### Available records

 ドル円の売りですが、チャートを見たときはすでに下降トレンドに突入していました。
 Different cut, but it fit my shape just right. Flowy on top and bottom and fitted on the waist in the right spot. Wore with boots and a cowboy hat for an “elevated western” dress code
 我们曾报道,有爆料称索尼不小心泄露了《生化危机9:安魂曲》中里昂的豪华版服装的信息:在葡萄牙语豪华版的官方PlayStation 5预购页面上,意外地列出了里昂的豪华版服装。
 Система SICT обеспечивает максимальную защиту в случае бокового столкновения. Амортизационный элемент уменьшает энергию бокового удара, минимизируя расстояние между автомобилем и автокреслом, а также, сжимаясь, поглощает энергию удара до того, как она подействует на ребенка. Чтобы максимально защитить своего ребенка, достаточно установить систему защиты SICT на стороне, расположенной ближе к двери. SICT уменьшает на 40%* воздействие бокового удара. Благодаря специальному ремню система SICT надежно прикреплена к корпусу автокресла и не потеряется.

######
### Available records

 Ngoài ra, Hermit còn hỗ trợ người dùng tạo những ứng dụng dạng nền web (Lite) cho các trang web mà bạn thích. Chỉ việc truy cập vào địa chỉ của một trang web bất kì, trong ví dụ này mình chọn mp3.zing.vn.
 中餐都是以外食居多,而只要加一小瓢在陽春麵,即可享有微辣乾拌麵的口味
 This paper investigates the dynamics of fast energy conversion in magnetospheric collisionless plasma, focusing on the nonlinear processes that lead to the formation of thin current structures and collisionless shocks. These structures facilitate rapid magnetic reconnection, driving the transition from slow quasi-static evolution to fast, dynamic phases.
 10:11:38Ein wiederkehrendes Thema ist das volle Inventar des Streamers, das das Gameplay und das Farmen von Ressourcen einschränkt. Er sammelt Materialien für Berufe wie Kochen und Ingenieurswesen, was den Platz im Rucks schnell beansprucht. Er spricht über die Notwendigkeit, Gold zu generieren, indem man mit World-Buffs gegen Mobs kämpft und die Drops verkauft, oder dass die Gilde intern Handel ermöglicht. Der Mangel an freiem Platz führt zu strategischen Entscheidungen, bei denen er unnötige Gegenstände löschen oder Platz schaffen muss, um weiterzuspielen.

######
### Available records

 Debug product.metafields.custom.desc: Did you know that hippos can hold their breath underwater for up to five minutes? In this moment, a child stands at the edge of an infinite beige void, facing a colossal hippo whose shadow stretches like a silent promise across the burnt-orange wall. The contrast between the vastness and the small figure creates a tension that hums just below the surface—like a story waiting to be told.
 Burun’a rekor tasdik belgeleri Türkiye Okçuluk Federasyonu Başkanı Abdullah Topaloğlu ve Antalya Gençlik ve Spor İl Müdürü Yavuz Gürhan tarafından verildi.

######

» Required action
When the line with "Ngoài ra, Hermit" is reached in the data above, begin copying, and stop after the line with "中餐都是以外食居多,而只要加一小瓢在陽春麵,即可享有微辣乾拌麵的口味"; copy each line exactly, both ends included.

» Completed exercise
 Ngoài ra, Hermit còn hỗ trợ người dùng tạo những ứng dụng dạng nền web (Lite) cho các trang web mà bạn thích. Chỉ việc truy cập vào địa chỉ của một trang web bất kì, trong ví dụ này mình chọn mp3.zing.vn.
 中餐都是以外食居多,而只要加一小瓢在陽春麵,即可享有微辣乾拌麵的口味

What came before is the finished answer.